Women And Literary Celebrity In The Nineteenth Century


Women And Literary Celebrity In The Nineteenth Century
DOWNLOAD
FREE 30 Days

Author : Brenda R. Weber
language : en
Publisher: Routledge
Release Date : 2016-02-11

Women And Literary Celebrity In The Nineteenth Century written by Brenda R. Weber and has been published by Routledge this book supported file pdf, txt, epub, kindle and other format this book has been release on 2016-02-11 with Literary Criticism categories.


Focusing on representations of women's literary celebrity in nineteenth-century biographies, autobiographical accounts, periodicals, and fiction, Brenda R. Weber examines the transatlantic cultural politics of visibility in relation to gender, sex, and the body. Looking both at discursive patterns and specific Anglo-American texts that foreground the figure of the successful woman writer, Weber argues that authors such as Elizabeth Gaskell, Fanny Fern, Mary Cholmondeley, Margaret Oliphant, Elizabeth Robins, Eliza Potter, and Elizabeth Keckley helped create an intelligible category of the famous writer that used celebrity as a leveraging tool for altering perceptions about femininity and female identity. Doing so, Weber demonstrates, involved an intricate gender/sex negotiation that had ramifications for what it meant to be public, professional, intelligent, and extraordinary. Weber's persuasive account elucidates how Gaskell's biography of Charlotte Brontë served simultaneously to support claims for Brontë's genius and to diminish Brontë's body in compensation for the magnitude of those claims, thus serving as a touchstone for later representations of women's literary genius and celebrity. Fanny Fern, for example, adapts Gaskell's maneuvers on behalf of Charlotte Brontë to portray the weak woman's body becoming strong as it is made visible through and celebrated within the literary marketplace. Throughout her study, Weber analyzes the complex codes connected to transatlantic formations of gender/sex, the body, and literary celebrity as women authors proactively resisted an intense backlash against their own success.



Fictions Of Modesty


Fictions Of Modesty
DOWNLOAD
FREE 30 Days

Author : Ruth Bernard Yeazell
language : en
Publisher: University of Chicago Press
Release Date : 1991-06-25

Fictions Of Modesty written by Ruth Bernard Yeazell and has been published by University of Chicago Press this book supported file pdf, txt, epub, kindle and other format this book has been release on 1991-06-25 with Literary Criticism categories.

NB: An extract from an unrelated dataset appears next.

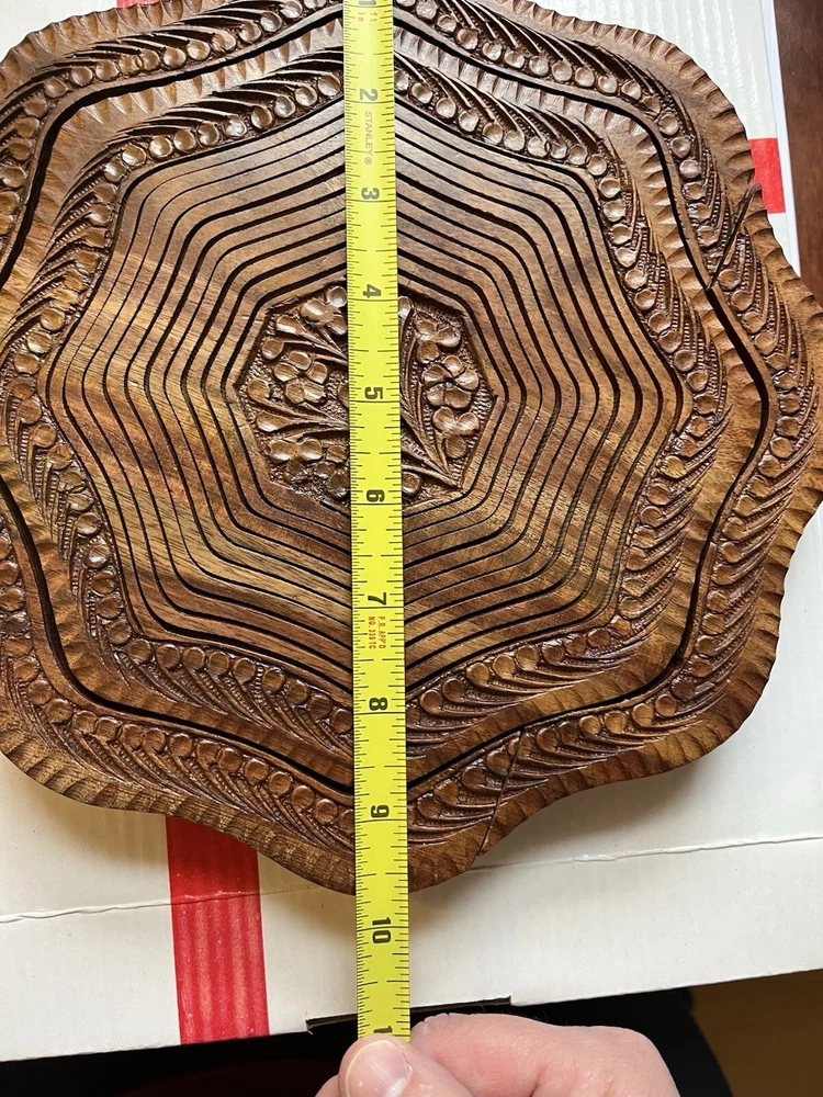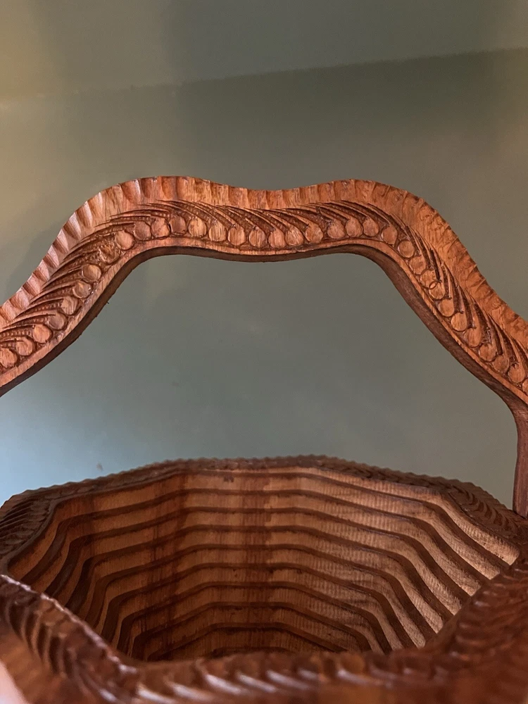 Features: Carvings, Foldable, With Handle Room: Any Room Color: Brown Material: Wood Department: Adults Original/Reproduction: Original Brand: The Wooden Basket Co Customized: No Type: Hand Carved Wood Collapsible Basket Era: Late 20th Century (1970-1999)

Combining evidence from conduct books and ladies' magazines with the arguments of influential theorists like Hume, Rousseau, and Wollstonecraft, this book begins by asking why writers were devoted to the anxious remaking of women's "nature" and to codifying rules for their porper behavior. Fictions of Modesty shows how the culture at once tried to regulate young women's desires and effectively opened up new possibilities of subjectivity and individual choice. Yeazell goes on to demonstrate that modest delaying actions inform a central tradition of English narrative. On the Continent, the English believed, the jeune fille went from the artificial innocence of the convent to an arranged marriage and adultery; the natural modesty of the Englishwoman, however, enabled her to choose her own mate and to marry both prudently and with affection. Rather than taking its narrative impetus from adultery, then, English fiction concentrated on courtship and the consciousness of the young woman choosing. After paired studies of Richardson's Pamela and Cleland's Memoirs of a Woman of Pleasure (even Fanny Hill, Yeazell argues, is a modest English heroine at heart), Yeazell investigates what women novelists made of the virtues of modesty in works by Burney, Austen, Charlotte Bronte, and Gaskell.